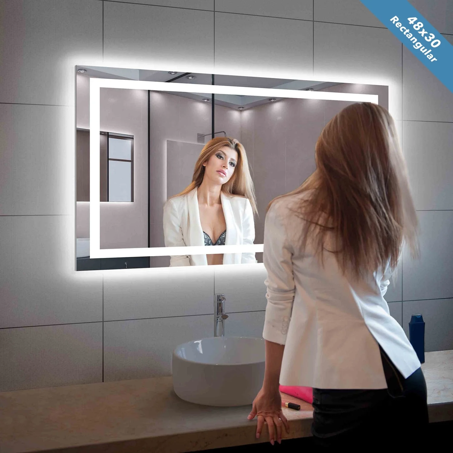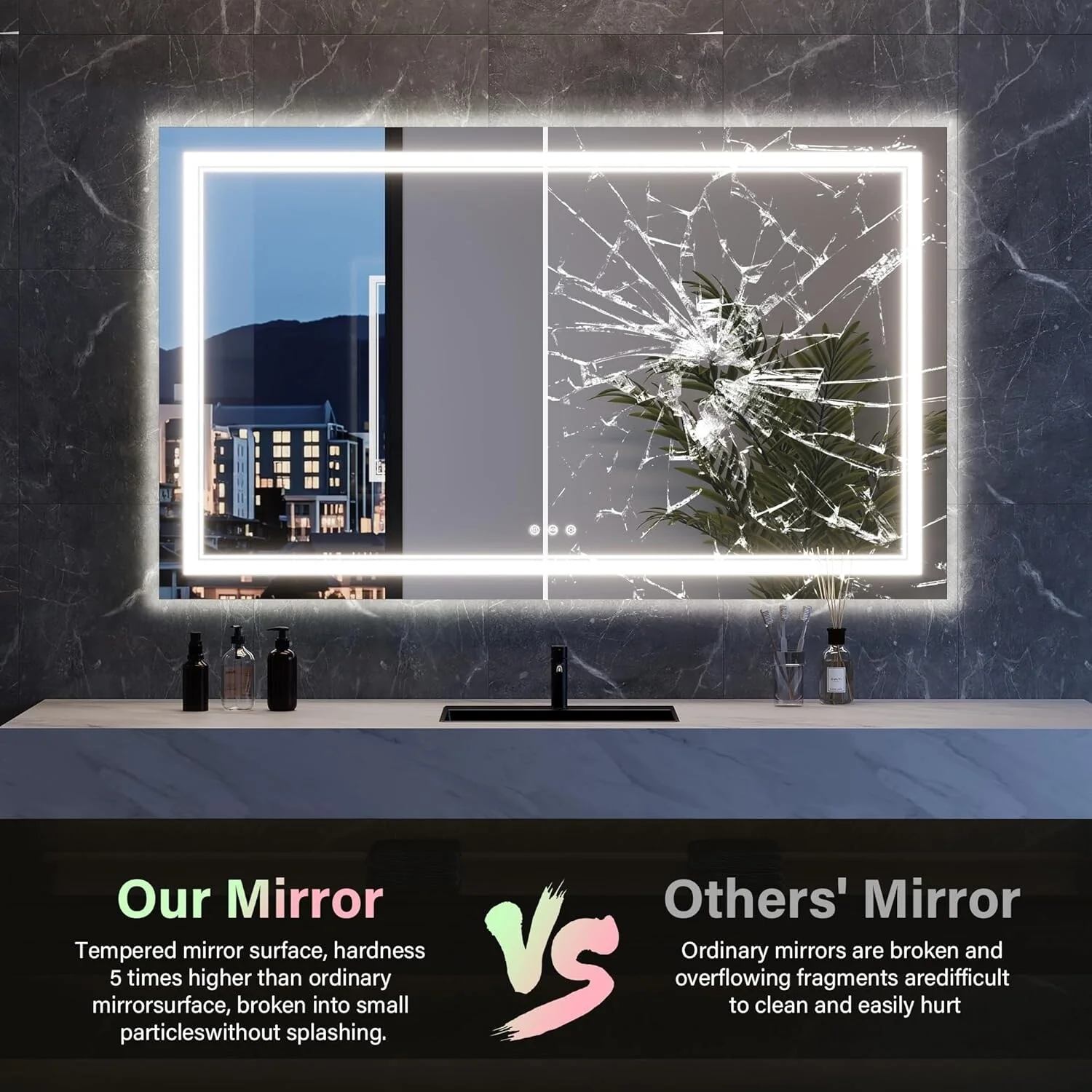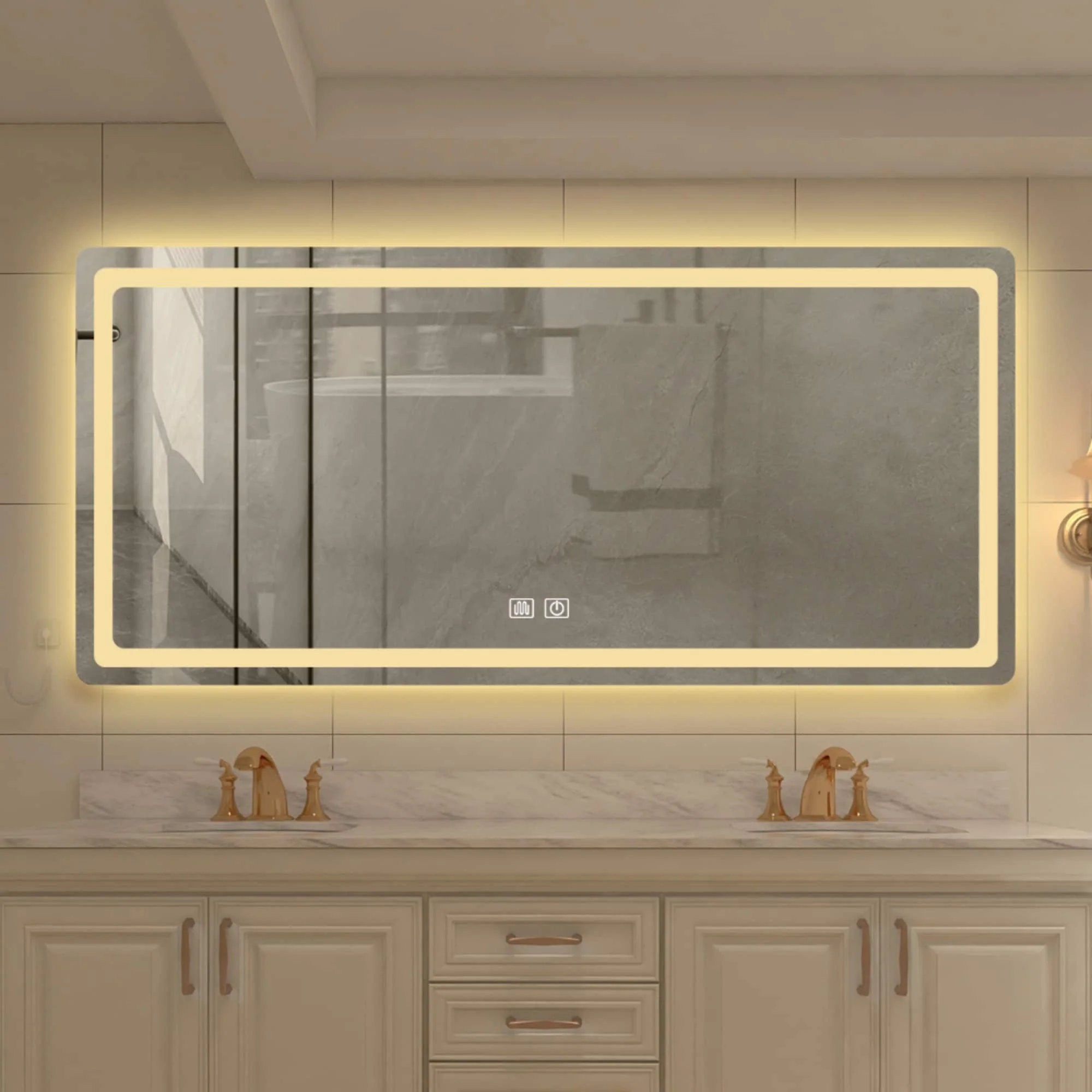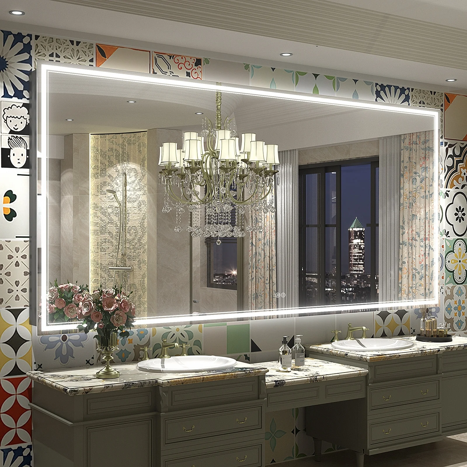 LED Bathroom Mirror with Lights,Bathroom Wall with 3 Colors Dimmable - 60"L x 36"W
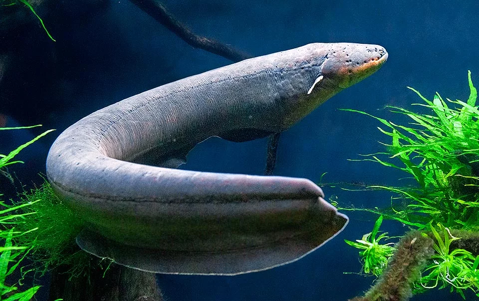 La anguila eléctrica es capaz de generar descargas eléctricas que pueden superar los 600 voltios. Estas descargas se utilizan tanto para la caza como para la defensa y la orientación, gracias a órganos eléctricos especializados que ocupan gran parte de su cuerpo.
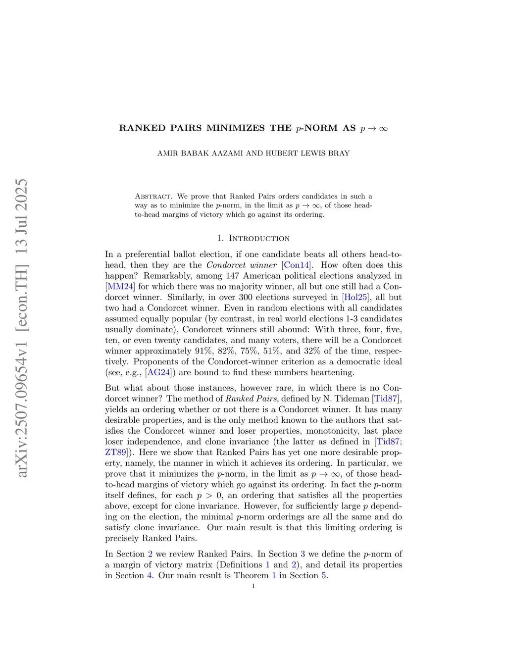 Ranked Pairs minimizes the -norm as
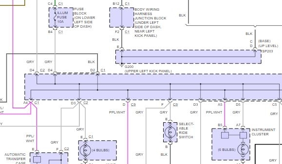 I'm trying to find the correct fuse that goes to the instrument cluster, radio/climate control readout and door panel control lights. At night, the entire cab is dark. This sounds like a fuse, but I can't seem to find the correct one. Any suggestions?The next day, this problem seemed to take care of itself. I checked all the fuses and didn't find any bad ones. When I started it up again, everything lit up just fine. Before, all the gauges worked, but nothing was illuminated.
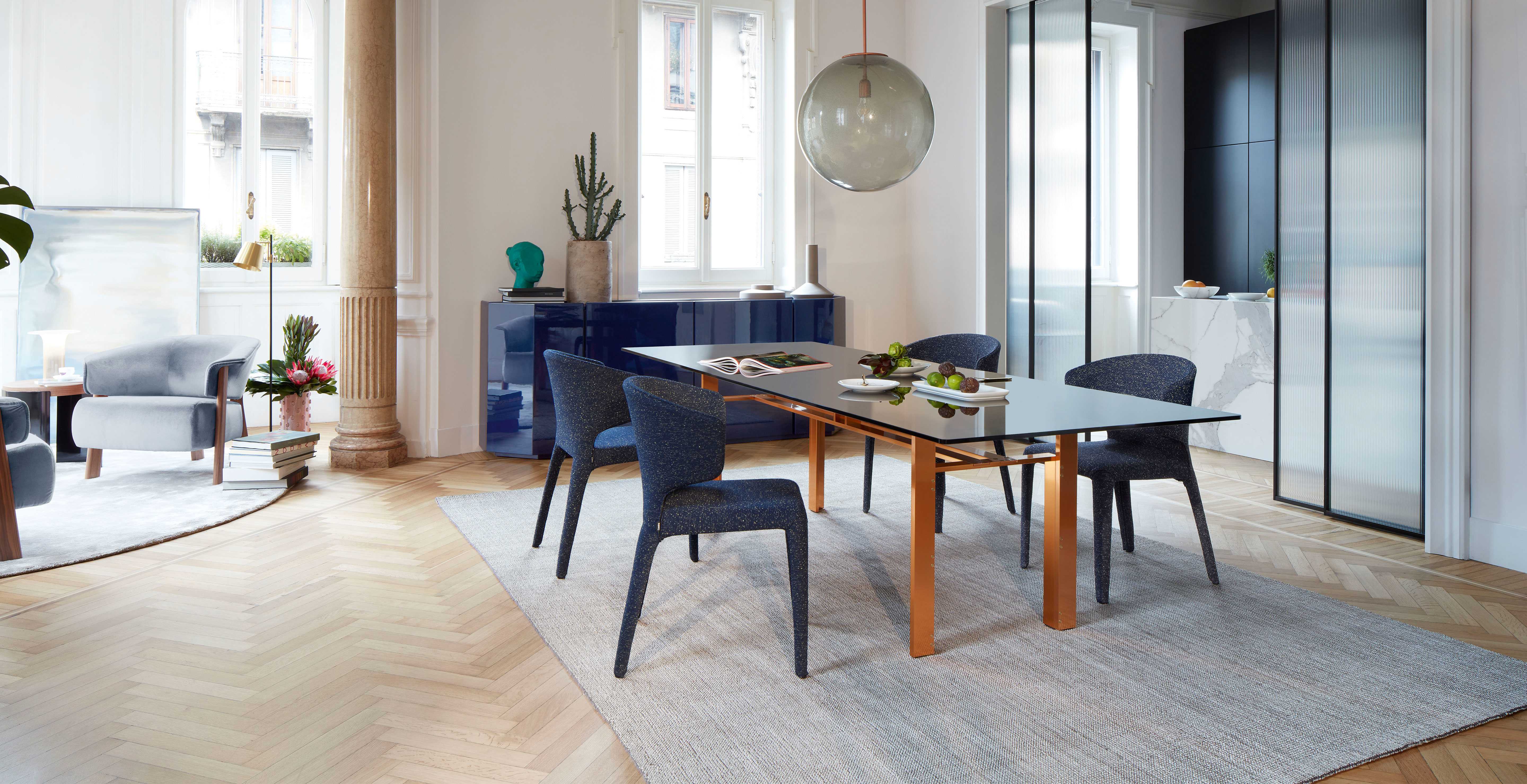 Elegant and functional, the Hola chair is one of Cassina’s all-time best-selling pieces. Conceived to offer comfort to the max, both in domestic environments and for contract use, Hola’s delightful curves, crafted from one single mould, conjure a harmonious interplay between the seat, back and legs, where the inner steel core of the chair marries the expanded polyurethane padded upholstery to perfection. Cassina’s construction skills are revealed in the company craftsmen’s approach to joints and their meticulous attention to detail. Supplied with or without arms, this chair is upholstered in leather, or with removable fabric covers, alternatively in its most recent iteration: leather with fabric.
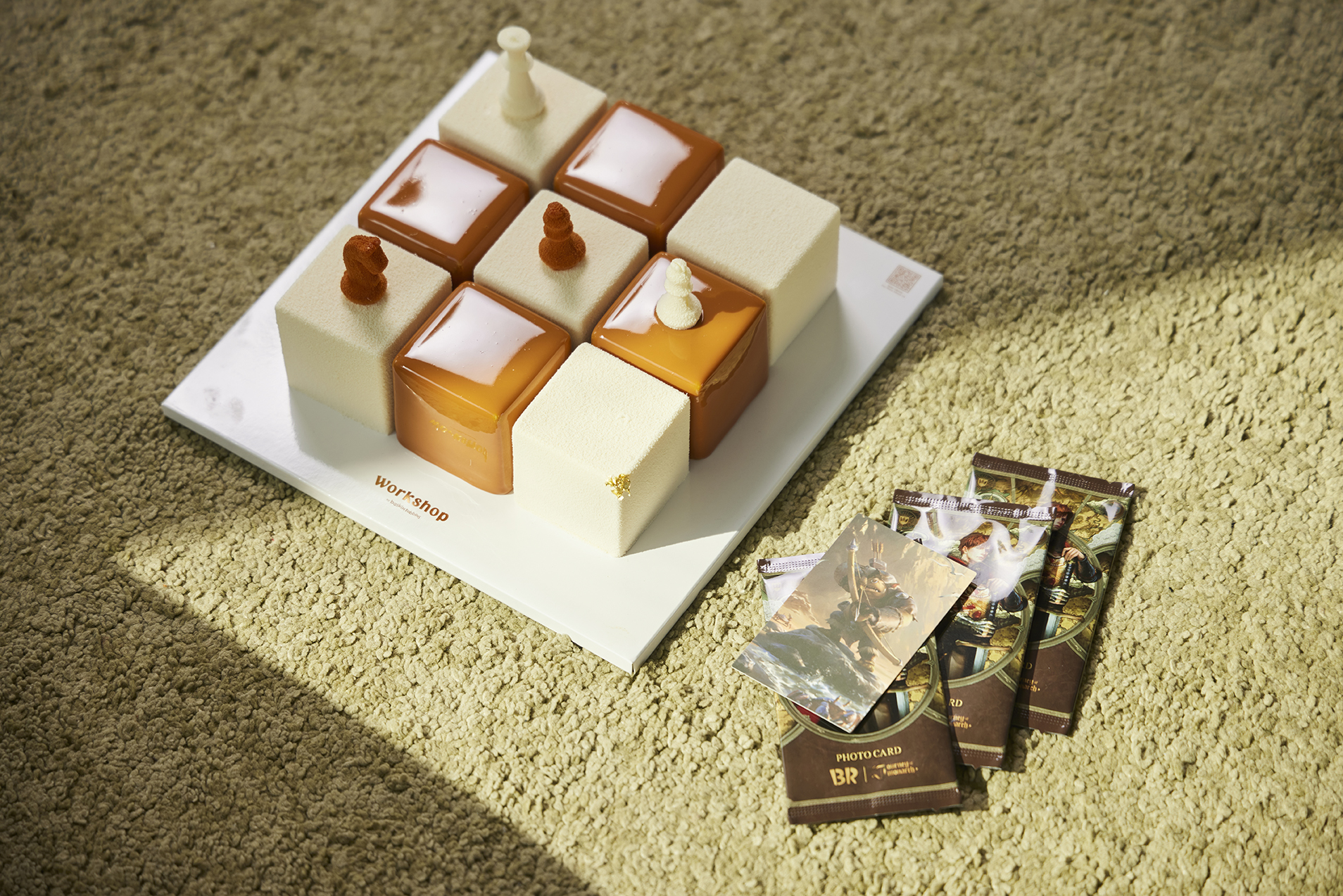 게임 속 황금빛 격자무늬의 체스보드를 모티브로 탄생한 골든 샤이닝 체스 케이크
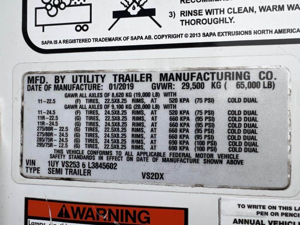 Location: Kaukauna, WI Approx 53' Length, 102" Width, 65000LB GVWR, Air Ride, Sliding Axles, 2 Speed Landing Gear, Rear Swing Doors, 275/80R22.5 Tires, Spare Tire VIN: 1UYVS2536L3845602
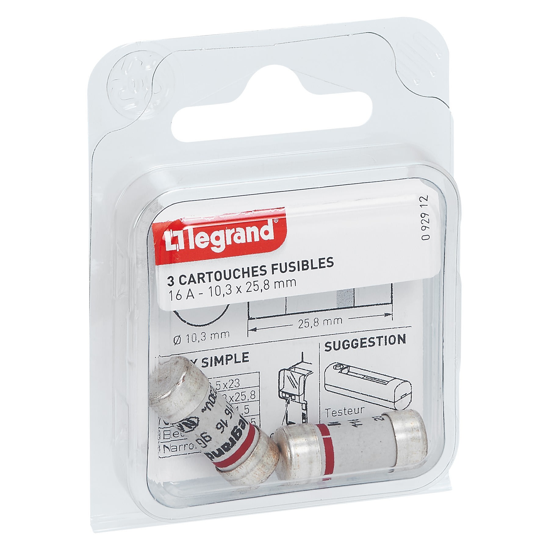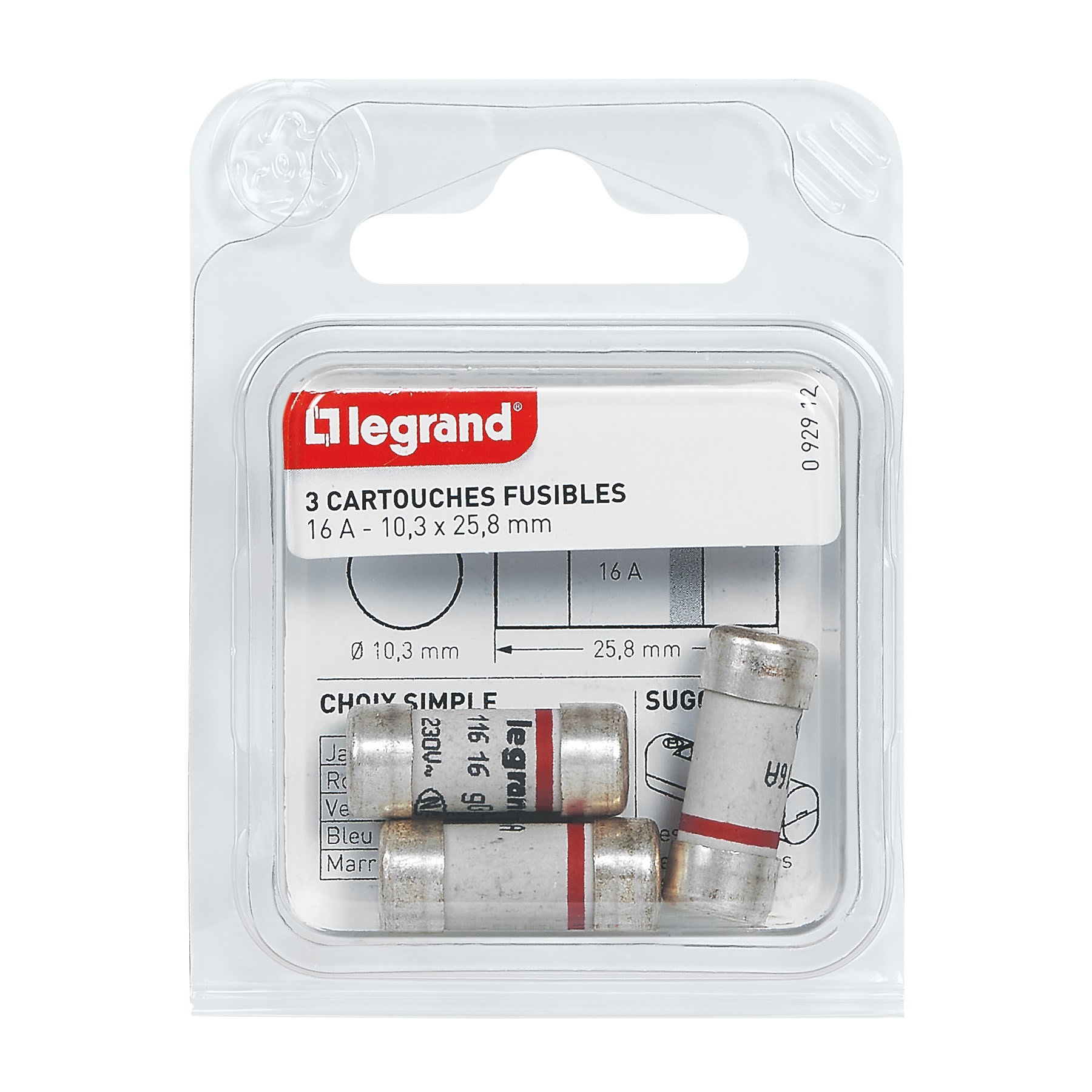 Legrand - Cartouches fusibles pour porte-fusibles - sans témoin - 10,3x25,8mm - 16A - 092912
+ + + + +
**What needs to be done:**
Copy the records above exactly. The pictures are not part of the copy.

**Response:**
 LED Bathroom Mirror with Lights,Bathroom Wall with 3 Colors Dimmable - 60"L x 36"W
 La anguila eléctrica es capaz de generar descargas eléctricas que pueden superar los 600 voltios. Estas descargas se utilizan tanto para la caza como para la defensa y la orientación, gracias a órganos eléctricos especializados que ocupan gran parte de su cuerpo.
 Ranked Pairs minimizes the -norm as
 I'm trying to find the correct fuse that goes to the instrument cluster, radio/climate control readout and door panel control lights. At night, the entire cab is dark. This sounds like a fuse, but I can't seem to find the correct one. Any suggestions?The next day, this problem seemed to take care of itself. I checked all the fuses and didn't find any bad ones. When I started it up again, everything lit up just fine. Before, all the gauges worked, but nothing was illuminated.
 Elegant and functional, the Hola chair is one of Cassina’s all-time best-selling pieces. Conceived to offer comfort to the max, both in domestic environments and for contract use, Hola’s delightful curves, crafted from one single mould, conjure a harmonious interplay between the seat, back and legs, where the inner steel core of the chair marries the expanded polyurethane padded upholstery to perfection. Cassina’s construction skills are revealed in the company craftsmen’s approach to joints and their meticulous attention to detail. Supplied with or without arms, this chair is upholstered in leather, or with removable fabric covers, alternatively in its most recent iteration: leather with fabric.
 게임 속 황금빛 격자무늬의 체스보드를 모티브로 탄생한 골든 샤이닝 체스 케이크
 Location: Kaukauna, WI Approx 53' Length, 102" Width, 65000LB GVWR, Air Ride, Sliding Axles, 2 Speed Landing Gear, Rear Swing Doors, 275/80R22.5 Tires, Spare Tire VIN: 1UYVS2536L3845602
 Legrand - Cartouches fusibles pour porte-fusibles - sans témoin - 10,3x25,8mm - 16A - 092912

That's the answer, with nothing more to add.